(Data records)
******************************

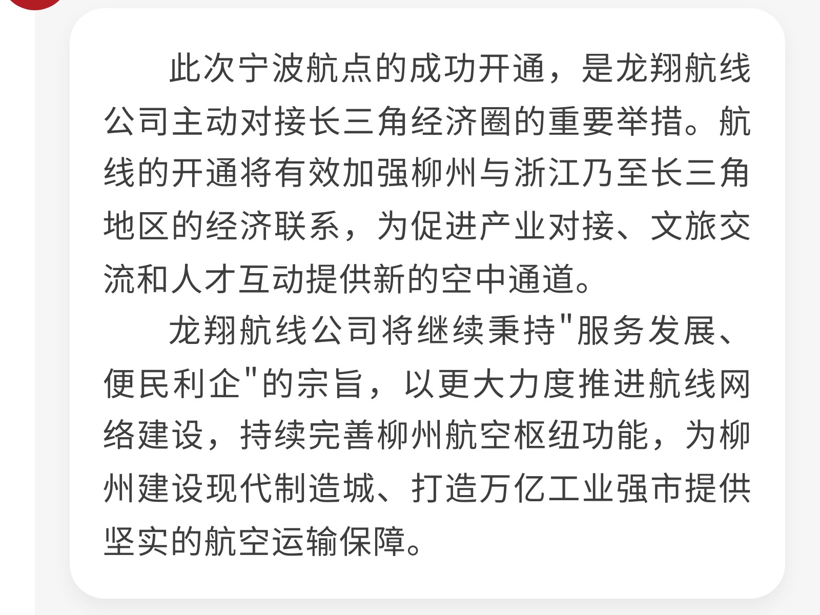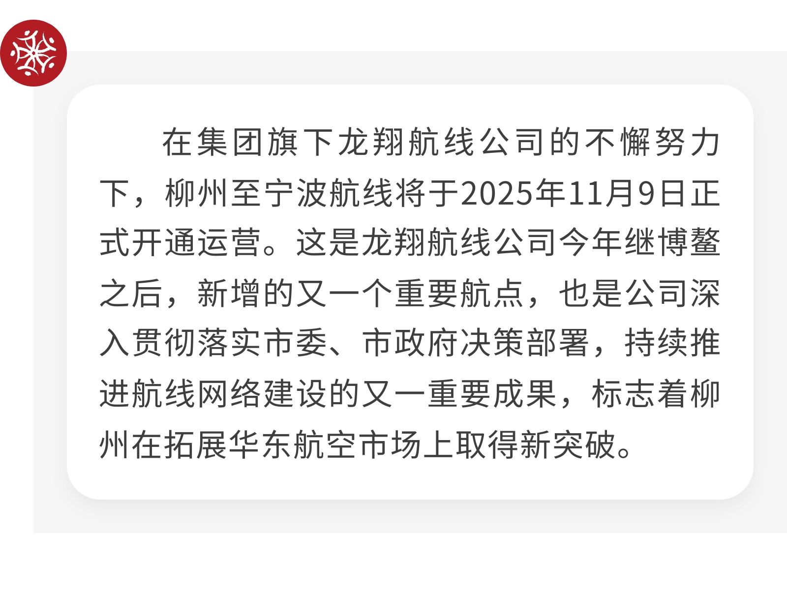 航線布局再突破!集團旗下龍翔航線公司成功開通寧波新航點 發(fā)布時間:2025年11月12日 11時來源:本站原創(chuàng)瀏覽:128 人次
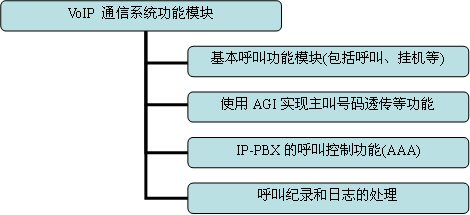 如果是基于純軟件的實現(xiàn)方案,Asterisk是構(gòu)建VoIP項目的核心,系統(tǒng)中所有與用戶呼叫有關(guān)的功能和管理都通過它來實現(xiàn),包括VoIP各種協(xié)議的互通和配置,以及各種呼叫設(shè)備的配置文件。本文檔所討論的VoIP通信系統(tǒng)基本功能如圖3-2所示,一般的Asterisk的任務(wù)包括了兩方面,一是與呼叫有關(guān)的,包括基本呼叫處理、主叫號碼透傳、呼叫紀錄和日志生成等,二是與呼叫控制有關(guān),即終端用戶的認證計費功能。
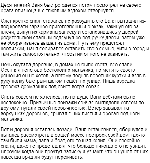 Я ухожу навсегда, искать меня не надо. Вы всё равно меня не любите, — прошептал мальчик и ушёл в темноту
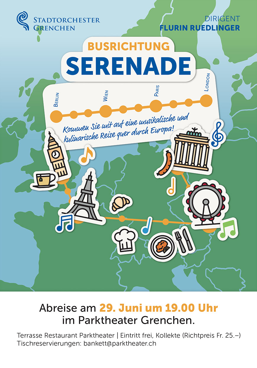 The orchestra in Grenchen puts on different themed serenades throughout the year. They commissioned me to design a flyer for their Europe-themed concert. They wanted me to incorporate elements of bus tour plans with iconic landmarks as stops.
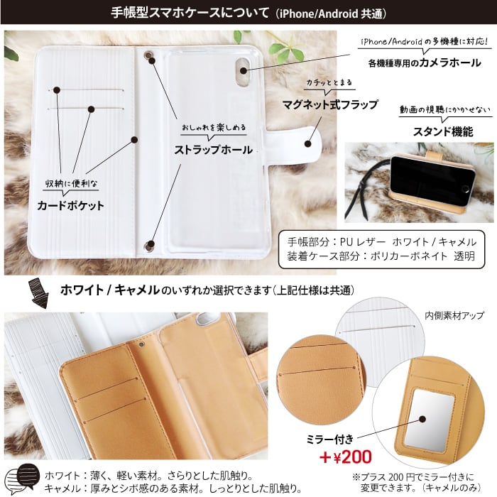 手帳部分:PUレザー(合皮)/ホワイト・キャメル
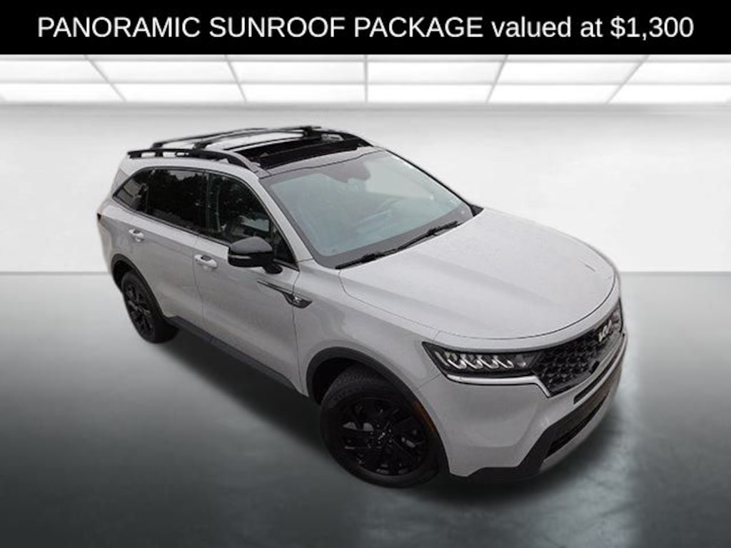 Panoramic Sunroof Package (LED Interior Lighting and Power Sunroof w/Power Sunshade), AWD, Wheels: 7.5J x 18" Gloss Black Alloy, 3rd row seats: split-bench, 4-Wheel Disc Brakes, 4.081 Axle Ratio, 6 Speakers, ABS brakes, Air Conditioning, AM/FM radio: SiriusXM, Apple CarPlay & Android Auto, Auto High-beam Headlights, Automatic temperature control, Brake assist, Bumpers: body-color, Delay-off headlights, Driver door bin, Driver vanity mirror, Dual front impact airbags, Dual front side impact airbags, Electronic Stability Control, Emergency communication system: UVO Link, Exterior Parking Camera Rear, Four wheel independent suspension, Front anti-roll bar, Front Bucket Seats, Front Center Armrest, Front dual zone A/C, Front reading lights, Fully automatic headlights, Heated door mirrors, Heated Front Bucket Seats, Heated front seats, Illuminated entry, Knee airbag, Leather Shift Knob, Leather steering wheel, Low tire pressure warning, Navigation System, Occupant sensing airbag, Outside temperature display, Overhead airbag, Overhead console, Panic alarm, Passenger door bin, Passenger vanity mirror, Power door mirrors, Power driver seat, Power steering, Power windows, Radio data system, Radio: AM/FM Audio System, Rear air conditioning, Rear anti-roll bar, Rear reading lights, Rear seat center armrest, Rear window defroster, Rear window wiper, Remote keyless entry, Roof rack: rails only, Security system, Smart Key w/ Push Button and Remote Start, Speed control, Speed-sensing steering, Split folding rear seat, Spoiler, Steering wheel mounted audio controls, SynTex Artificial Leather Seat Trim, Tachometer, Telescoping steering wheel, Tilt steering wheel, Traction control, Trip computer, Turn signal indicator mirrors, and Variably intermittent wipers.
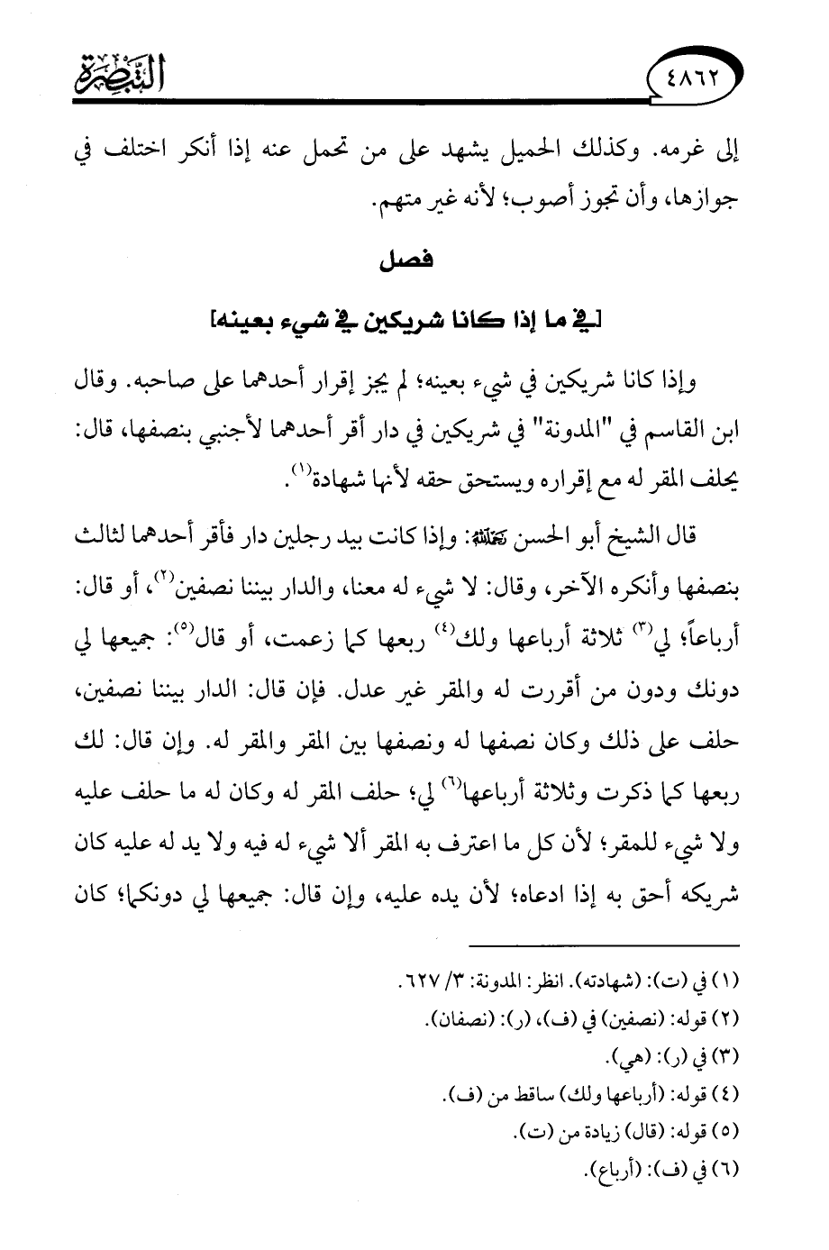 فصل [في ما إذا كانا شريكين في شيء بعينه]
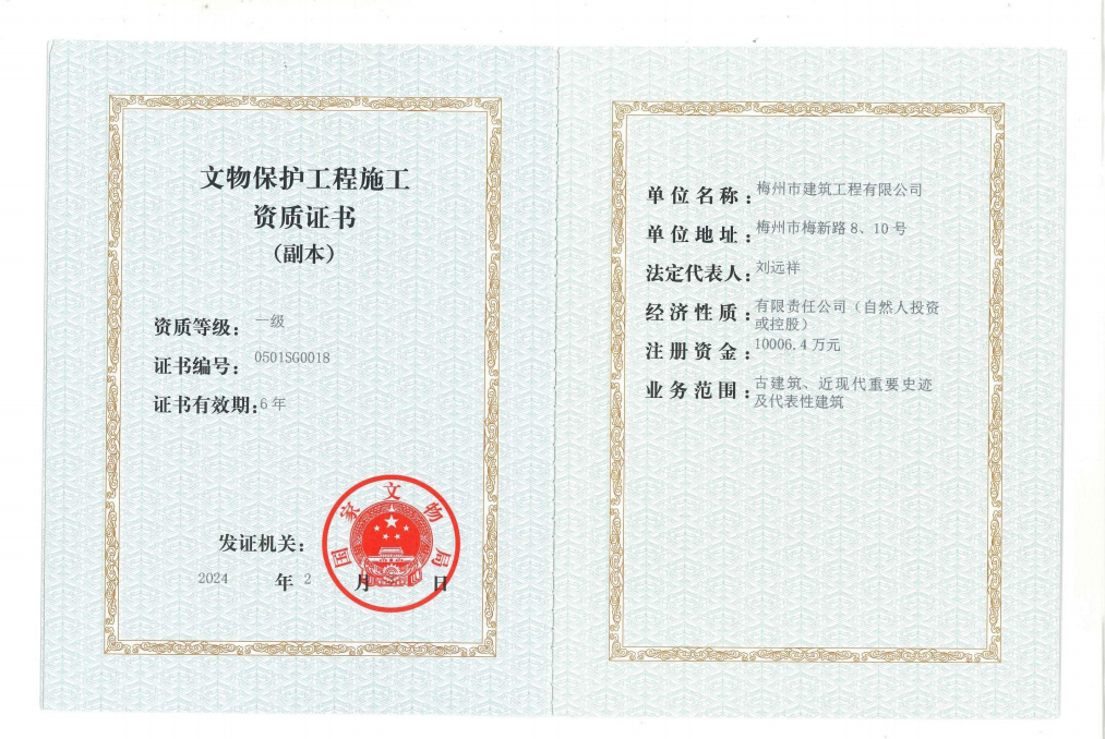 文物保護工程施工一級
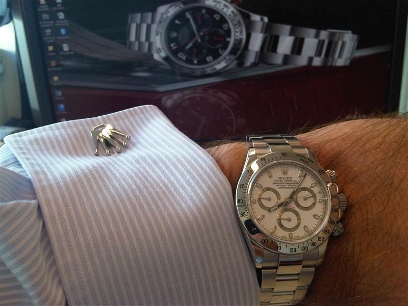 Quote: | Op donderdag 07 juli 2011 09:11 schreef Deeptona het volgende: Vandaag mijn Daytona in combinatie met mijn vorige week gescoorde manchetknopies. Staat best leuk....al zeg ik het zelf
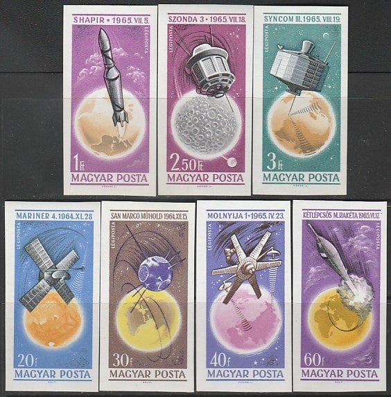Венгрия 1965 год. Достижения в освоении космоса, 7 б/зубц. марок
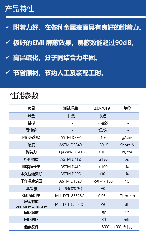 ZO-7019 是一款以鎳包碳填充單組份硅彈性體形式的高溫硫化導(dǎo)電膠水,具有良好的彈性及附著力。ZO-7019 具有良好的壓縮性和優(yōu)異的導(dǎo)電性,且在各種金屬及塑膠表面有著很好的粘接性,適合應(yīng)用電信基站、雷達設(shè)備、汽車電子、手持終端和消費電子及其他鑄造或塑膠外殼和封裝電子組件EMI 點膠成型。
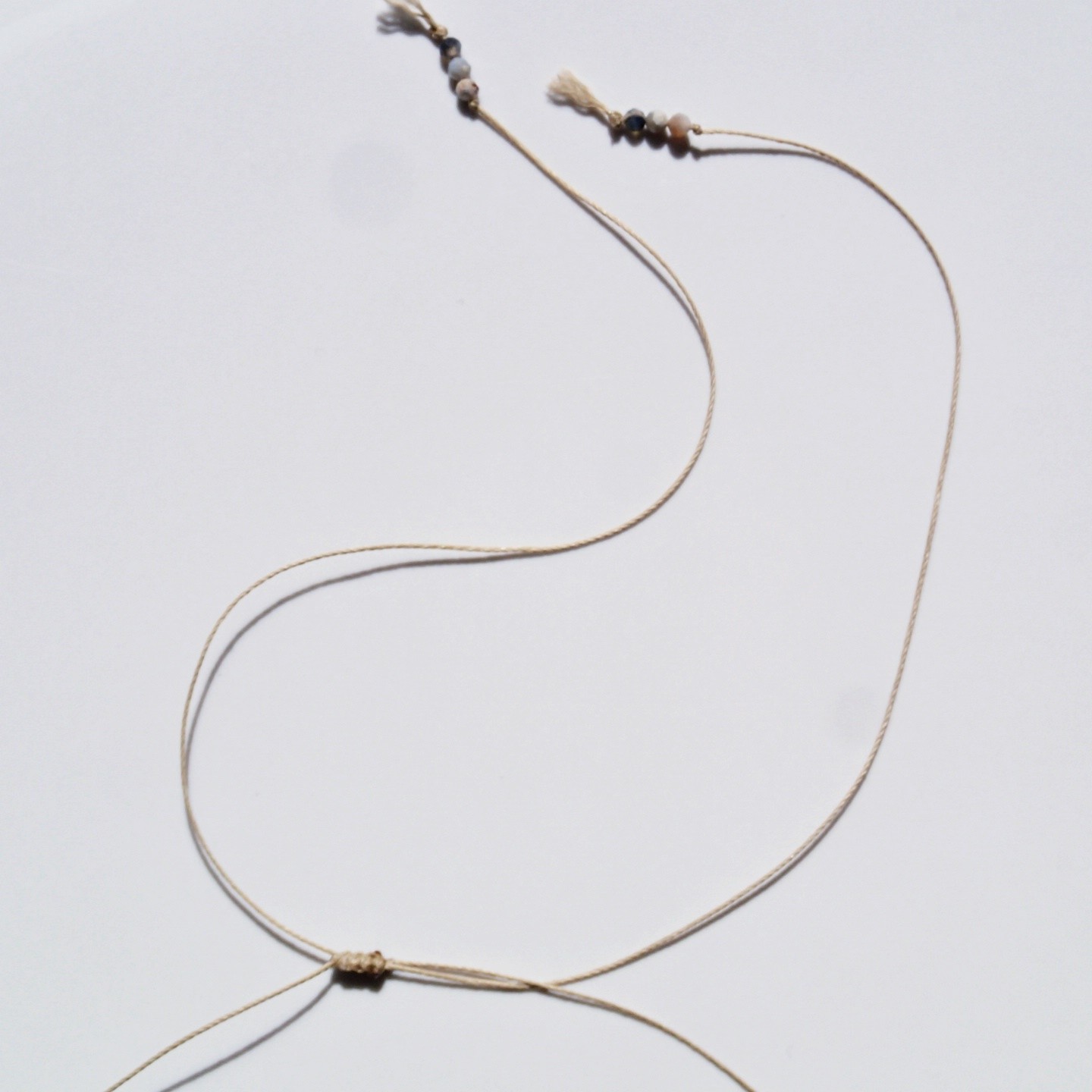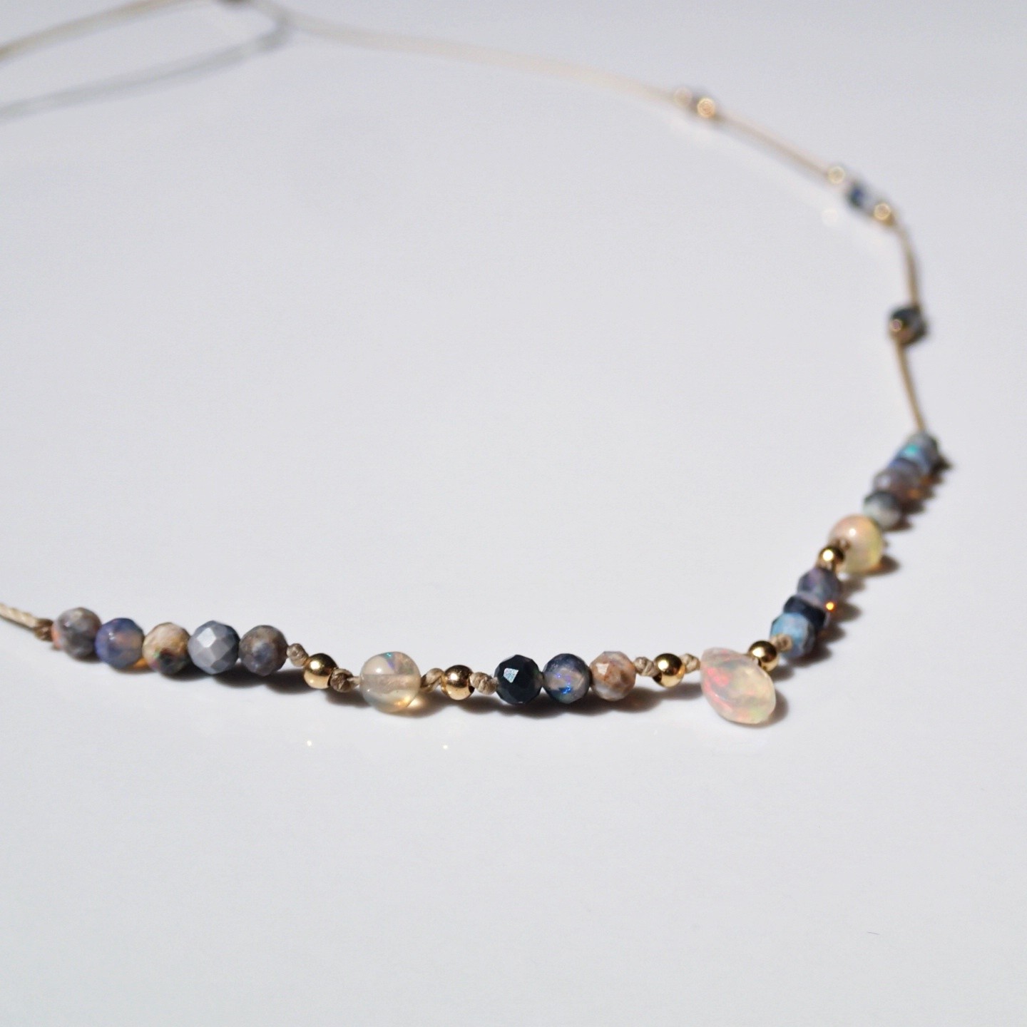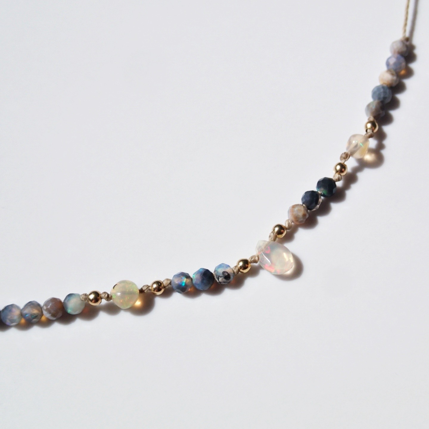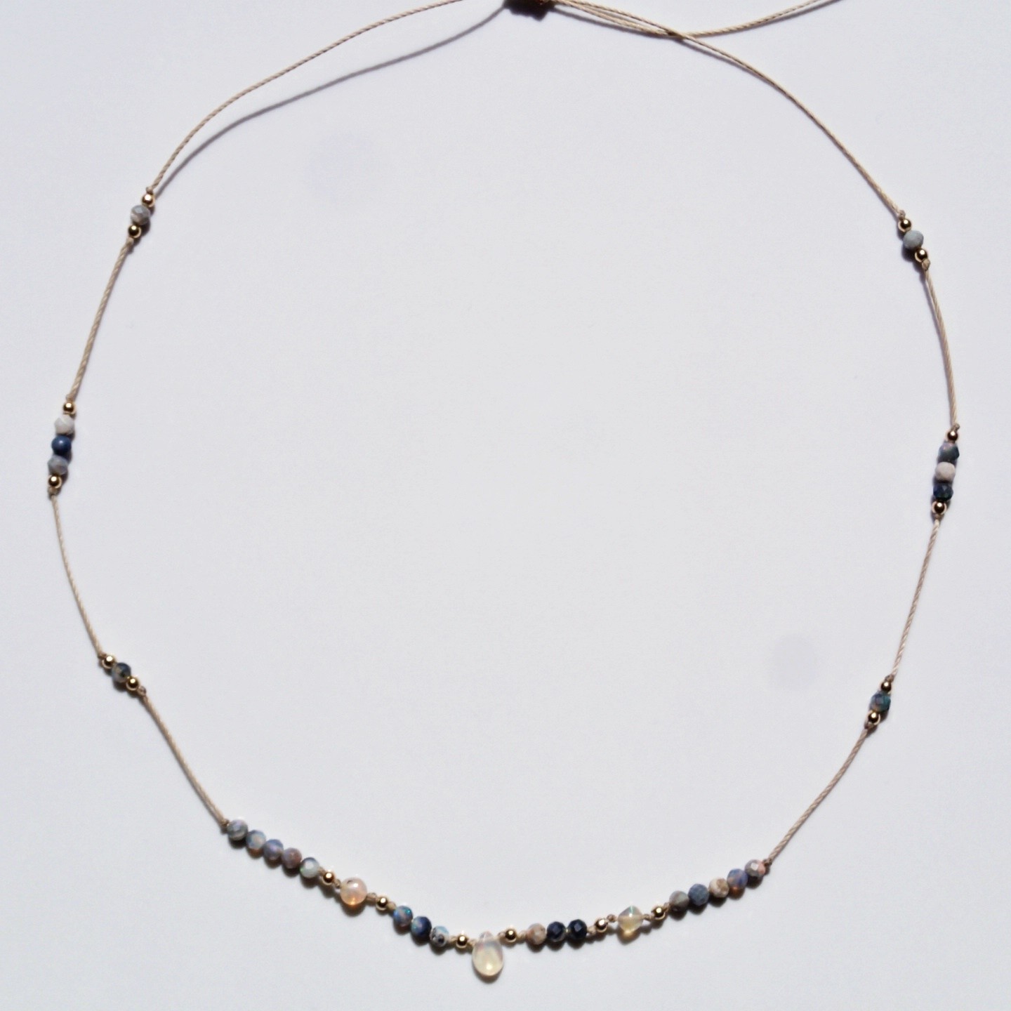 Die Halskette kann dank der verstellbaren Zugbänder tiefer am Ausschnitt oder enger am Hals getragen werden. Die Enden der Saiten sind mit drei australischen Opalperlen verziert. Die Halskette wird frei über dem Kopf angelegt.

******************************

> Work to be completed:
This calls for an exact copy of all the entries above, with the pictures omitted.

> Exercise result:
 航線布局再突破!集團旗下龍翔航線公司成功開通寧波新航點 發(fā)布時間:2025年11月12日 11時來源:本站原創(chuàng)瀏覽:128 人次
 如果是基于純軟件的實現(xiàn)方案,Asterisk是構(gòu)建VoIP項目的核心,系統(tǒng)中所有與用戶呼叫有關(guān)的功能和管理都通過它來實現(xiàn),包括VoIP各種協(xié)議的互通和配置,以及各種呼叫設(shè)備的配置文件。本文檔所討論的VoIP通信系統(tǒng)基本功能如圖3-2所示,一般的Asterisk的任務(wù)包括了兩方面,一是與呼叫有關(guān)的,包括基本呼叫處理、主叫號碼透傳、呼叫紀錄和日志生成等,二是與呼叫控制有關(guān),即終端用戶的認證計費功能。
 Я ухожу навсегда, искать меня не надо. Вы всё равно меня не любите, — прошептал мальчик и ушёл в темноту
 The orchestra in Grenchen puts on different themed serenades throughout the year. They commissioned me to design a flyer for their Europe-themed concert. They wanted me to incorporate elements of bus tour plans with iconic landmarks as stops.
 手帳部分:PUレザー(合皮)/ホワイト・キャメル
 Panoramic Sunroof Package (LED Interior Lighting and Power Sunroof w/Power Sunshade), AWD, Wheels: 7.5J x 18" Gloss Black Alloy, 3rd row seats: split-bench, 4-Wheel Disc Brakes, 4.081 Axle Ratio, 6 Speakers, ABS brakes, Air Conditioning, AM/FM radio: SiriusXM, Apple CarPlay & Android Auto, Auto High-beam Headlights, Automatic temperature control, Brake assist, Bumpers: body-color, Delay-off headlights, Driver door bin, Driver vanity mirror, Dual front impact airbags, Dual front side impact airbags, Electronic Stability Control, Emergency communication system: UVO Link, Exterior Parking Camera Rear, Four wheel independent suspension, Front anti-roll bar, Front Bucket Seats, Front Center Armrest, Front dual zone A/C, Front reading lights, Fully automatic headlights, Heated door mirrors, Heated Front Bucket Seats, Heated front seats, Illuminated entry, Knee airbag, Leather Shift Knob, Leather steering wheel, Low tire pressure warning, Navigation System, Occupant sensing airbag, Outside temperature display, Overhead airbag, Overhead console, Panic alarm, Passenger door bin, Passenger vanity mirror, Power door mirrors, Power driver seat, Power steering, Power windows, Radio data system, Radio: AM/FM Audio System, Rear air conditioning, Rear anti-roll bar, Rear reading lights, Rear seat center armrest, Rear window defroster, Rear window wiper, Remote keyless entry, Roof rack: rails only, Security system, Smart Key w/ Push Button and Remote Start, Speed control, Speed-sensing steering, Split folding rear seat, Spoiler, Steering wheel mounted audio controls, SynTex Artificial Leather Seat Trim, Tachometer, Telescoping steering wheel, Tilt steering wheel, Traction control, Trip computer, Turn signal indicator mirrors, and Variably intermittent wipers.
 فصل [في ما إذا كانا شريكين في شيء بعينه]
 文物保護工程施工一級
 Quote: | Op donderdag 07 juli 2011 09:11 schreef Deeptona het volgende: Vandaag mijn Daytona in combinatie met mijn vorige week gescoorde manchetknopies. Staat best leuk....al zeg ik het zelf
Венгрия 1965 год. Достижения в освоении космоса, 7 б/зубц. марок
 ZO-7019 是一款以鎳包碳填充單組份硅彈性體形式的高溫硫化導(dǎo)電膠水,具有良好的彈性及附著力。ZO-7019 具有良好的壓縮性和優(yōu)異的導(dǎo)電性,且在各種金屬及塑膠表面有著很好的粘接性,適合應(yīng)用電信基站、雷達設(shè)備、汽車電子、手持終端和消費電子及其他鑄造或塑膠外殼和封裝電子組件EMI 點膠成型。
 Die Halskette kann dank der verstellbaren Zugbänder tiefer am Ausschnitt oder enger am Hals getragen werden. Die Enden der Saiten sind mit drei australischen Opalperlen verziert. Die Halskette wird frei über dem Kopf angelegt.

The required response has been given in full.